Also, just for kicks and giggles, they did an ultrasound of his heart on Friday because of a heart murmur they were hearing on occasion. What came back from that has a little old red headed lady named Susie in the cardiologists' office downstairs up in arms. They're seeing some sort of hole in his heart, but only from one view -- when normally this hole should appear in every view of the heart. Susie and her colleagues have never seen this before, and are working feverishly to get to the bottom of it. We're fervently hoping that this hole actually doesn't exist (a real possibility) and that we can scratch the hole in his heart off our growing list of things that are going to shorten our lives by 10 years just because of the sheer stress of it all.
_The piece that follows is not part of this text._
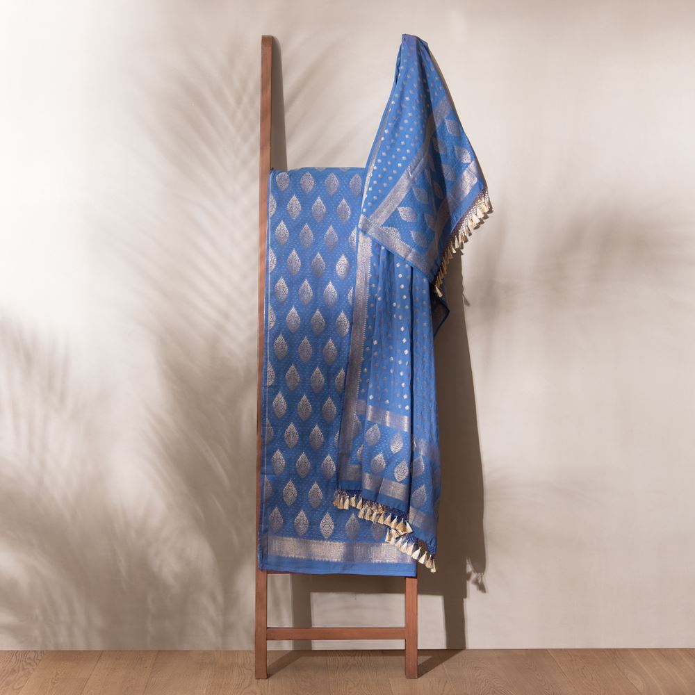 Jugni Lichen Blue Banarasi Handwoven Cotton Suit Set
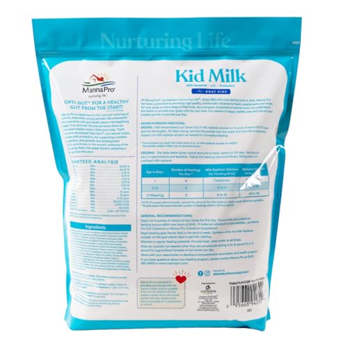 Manna Pro Goat Kid Milk Replacer provides complete and balanced nutrition formulated to support the healthy growth development and vitality of newborn and orphaned goat kids. This high-quality formula contains essential vitamins minerals and energy-rich nutrients including a balanced protein and fat profile to closely mimic mother’s milk and promote strong bones optimal digestion and immune support. Made with real dried skim milk for superior digestibility this milk replacer is an ideal choice for bottle feeding goat kids during times of weaning or maternal separation. It also includes probiotics to aid in gut health and help reduce digestive upset in young animals. Manna Pro Goat Kid Milk Replacer is easy to mix dissolves quickly and delivers consistent performance for goat producers breeders and homesteaders raising dairy goats or meat goats alike. Whether used for raising show goats commercial herds or backyard livestock this replacer ensures a healthy start and continued growth. Suitable for all breeds and trusted by farmers Manna Pro supports your herd with premium nutrition from birth through transition.

We aren't coming up with any firm conclusions yet, but we have another big test yet today that we're hoping offers the information that everyone needs to know in order to proceed with the best possible treatment. At this point, we know we're going home with a couple of reflux medications and a sleep monitor that is loud enough to wake the dead. The long term implications are unknown, and, its at least plausible that we could be free of all of this medical baggage within a few months.
As for the emotional status of our family, we take pride in being mostly level headed with just occasional bursts of any mixture of fury, fear, crying, and/or disbelief. Mostly the nurses and our families have been so good to keep us distracted and contemplating the positive. Our daughter has really pleased us with her relative maturity and flexibility. I'm sure it has a lot to do with all of her grandparents working hard to insure that she wants for nothing while we're away, but she's rolled with the punches and kept us laughing. And just being in a hospital maternity ward for this long offers its own comedic relief. Just the lady who came to show us how to run the sleep monitor who was quite impressed with our "intelligence" (which we only demonstrated by speaking in complete sentences) and the 21 year old first time dad who tried to carefully explain the concept of a wipes warmer to his nurse (as if this was the most novel invention known to modern society) is enough to make me have hold my stitches because laughing still hurts a bit.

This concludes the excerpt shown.